= Edward E. Lawler =

American academic (born 1938)

Edward E. Lawler III (born 1938) is an American academic and researcher specializing in human resources management, organizational development, and compensation theory. He is a professor emeritus at the University of Southern California (USC) Marshall School of Business. In 1979, Lawler founded the USC Center for Effective Organizations (CEO), a research center that has been recognized by publications such as Fortune and BusinessWeek for its contributions to management studies.

==Research and contributions==

Lawler has collaborated with Fortune 500 companies, government agencies, and non-profit organizations. He has been described by BusinessWeek as one of the leading experts in management. In addition, Workforce magazine named him among the top 25 visionaries who have influenced modern workplace practices over the past century.

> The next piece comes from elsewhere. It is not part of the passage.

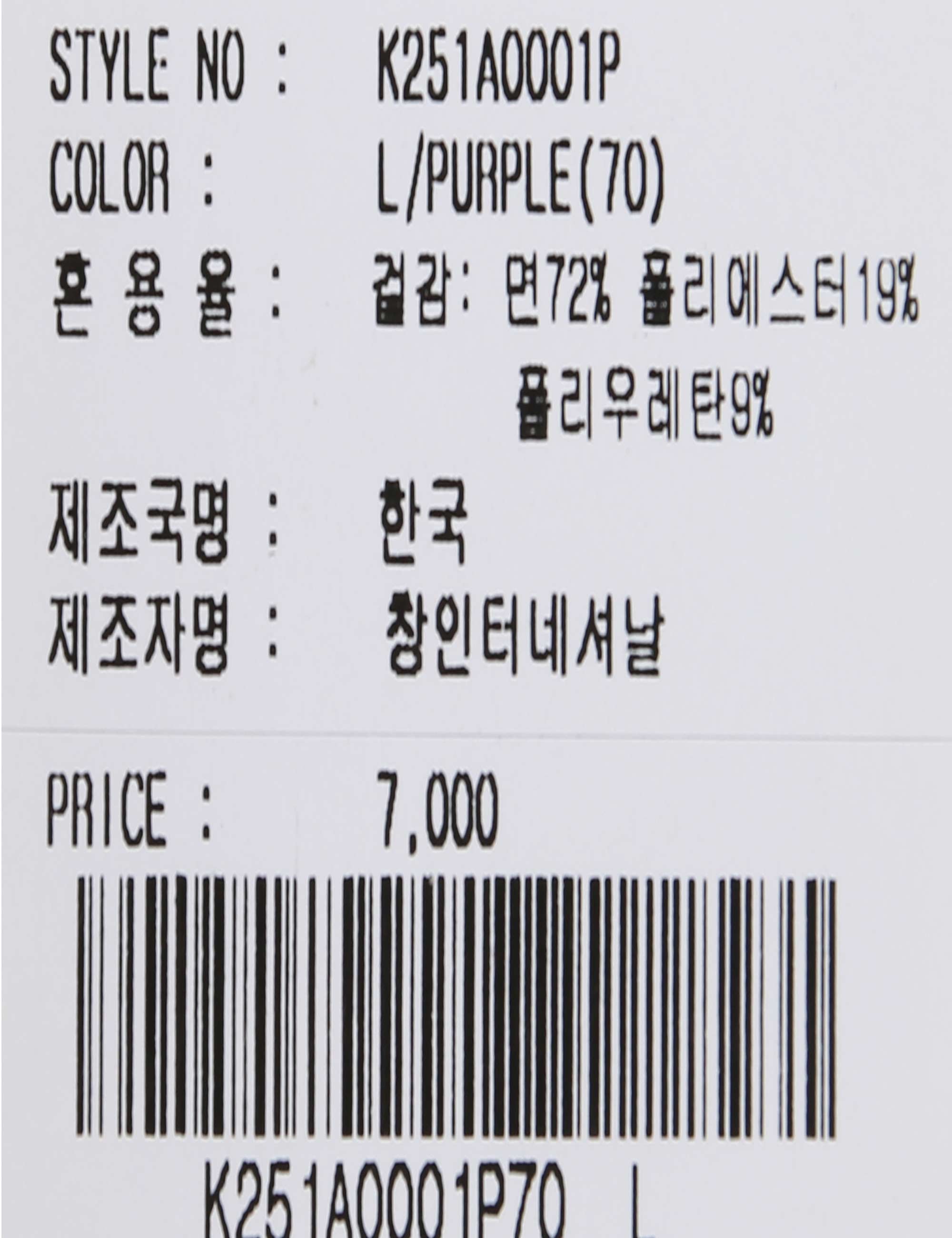 상품코드 K251AO001P
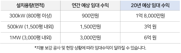 티에너지가 직접 임대하여, 20년 장기 임대 계약을 맺으며, 임대료는 설치용량 1kW당 연간 3만원을 지급합니다.

==Professional recognition==

Throughout his career, Lawler has received numerous awards for his contributions to management and human resources research. He has been recognized by organizations including the Society for Human Resource Management (SHRM), the Society for Industrial and Organizational Psychology (SIOP), and the Academy of Management. He was the inaugural recipient of SHRM's Michael R. Losey Award. Lawler has appeared on national television and regularly delivers keynote addresses at international conferences. He was also featured in an interview conducted by Karl Moore.

==Publications==

Lawler has authored or co-authored more than 450 articles and 52 books on management and organizational behavior. Selected works include:

- Lawler, Edward E. (2000). "Rewarding Excellence: Pay Strategies for the New Economy"
- Conger, Jay Alden (2001). "Corporate Boards: Strategies for Adding Value at the Top"
- Lawler, Edward E. (2001). "Organizing for High Performance: Employee Involvement, TQM, Reengineering, and Knowledge Management in the Fortune 1000: The CEO Report"
- Lawler, Edward E. (2003). "Treat People Right!: How Organizations and Individuals Can Propel Each Other into a Virtuous Spiral of Success"
- Lawler, Edward E. (2004). "Human Resources Business Process Outsourcing: Transforming How HR Gets Its Work Done"
- O'Toole, James (2006). "The New American Workplace"
- Lawler, Edward E. (2006). "America at Work: Choices and Challenges"
- Lawler, Edward E. (2011). "Built to Change: How to Achieve Sustained Organizational Effectiveness"
- Lawler, Edward E. (2012). "Effective Human Resource Management"
- Lawler, Edward E. (2015). "Global Trends in Human Resource Management"
- Lawler, Edward E. (2018). "Human Resource Excellence: An Assessment of Strategies and Trends"

Additional publications and edited volumes are listed by publishers including Wiley and Berrett-Koehler.